■ Source material:
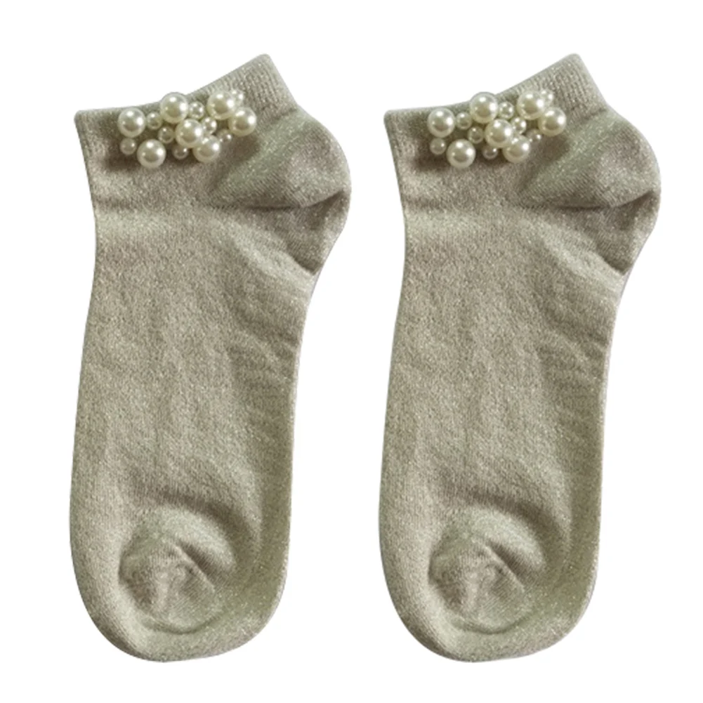 Модные блестящие дышащие Хлопковые женские эластичные короткие носки с искусственным жемчугом и бисером
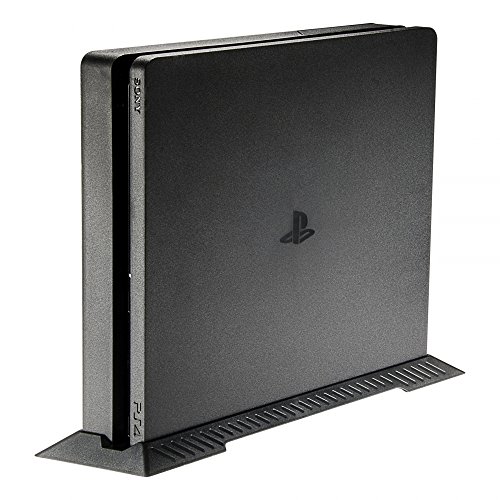 -. Feature : Make your PS4 Slim a new fresh look with the Vertical Stand. / It is very sturdy and durable. Besides, it uses a locking mechanism combined with two rubber-padded pegs to hold the PS4 Slim steady. / It has event ventilation at the bottom to keep the heat moving out. / Very simple to attach with NO sticky tape, screws or tools needed. / Note: works only with the PS4 Slim console.
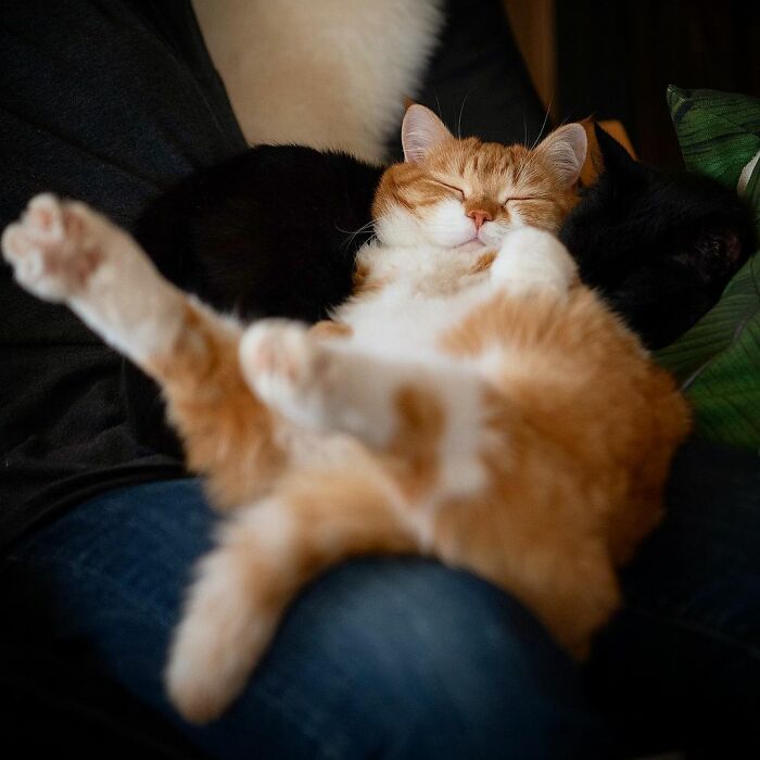 ▼Ginger在新家過得很幸福,牠還有一隻黑貓夥伴,牠們很快就成為了最好的朋友。主人說:「Ginger非常可愛,喜歡和人類待在一起。牠好像知道如何享受生活,因為牠的表情一直都非常愜意。」
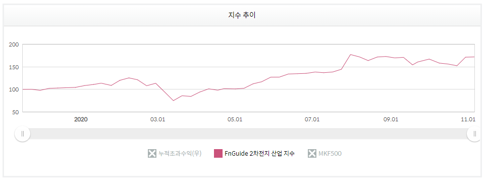 역시 기초 지수인 FNGuide 2차전지 산업지수와
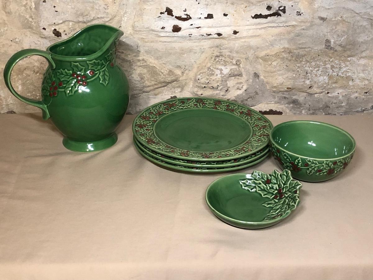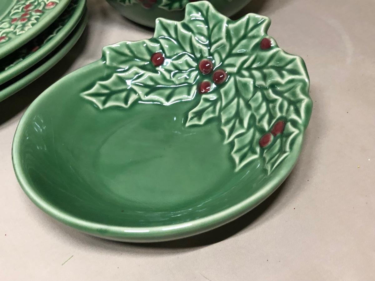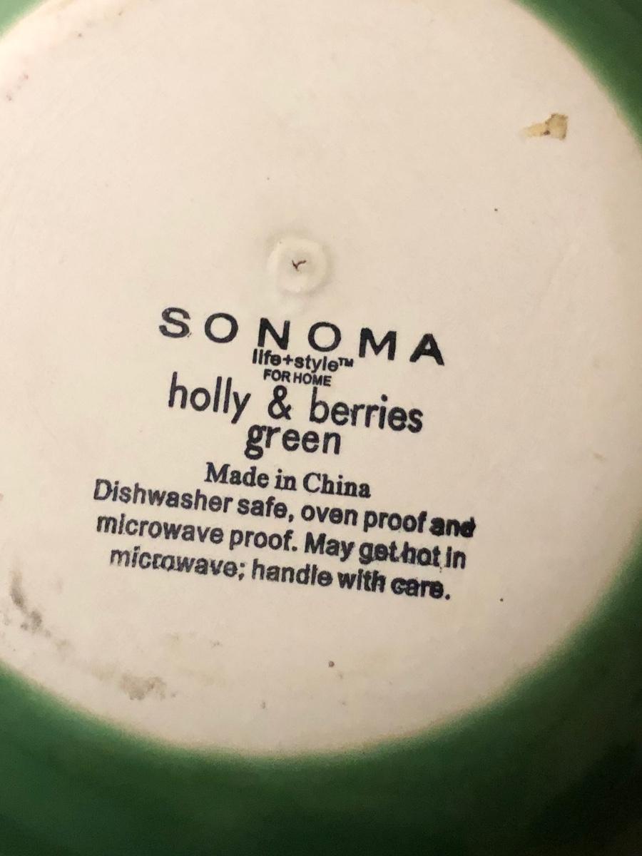 LOT 6M: Sonoma Holly & Berries Green & ND Exclusive Christmas Dishes
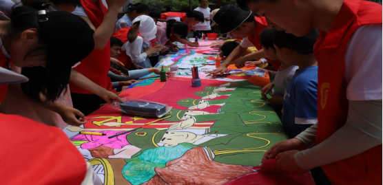 图为小朋友在志愿者指导下完成民族大团结彩绘

■ What needs to be done: Output the entries verbatim, skipping images.

■ Answer to the problem:
 Модные блестящие дышащие Хлопковые женские эластичные короткие носки с искусственным жемчугом и бисером
 -. Feature : Make your PS4 Slim a new fresh look with the Vertical Stand. / It is very sturdy and durable. Besides, it uses a locking mechanism combined with two rubber-padded pegs to hold the PS4 Slim steady. / It has event ventilation at the bottom to keep the heat moving out. / Very simple to attach with NO sticky tape, screws or tools needed. / Note: works only with the PS4 Slim console.
 ▼Ginger在新家過得很幸福,牠還有一隻黑貓夥伴,牠們很快就成為了最好的朋友。主人說:「Ginger非常可愛,喜歡和人類待在一起。牠好像知道如何享受生活,因為牠的表情一直都非常愜意。」
 역시 기초 지수인 FNGuide 2차전지 산업지수와
 LOT 6M: Sonoma Holly & Berries Green & ND Exclusive Christmas Dishes
 图为小朋友在志愿者指导下完成民族大团结彩绘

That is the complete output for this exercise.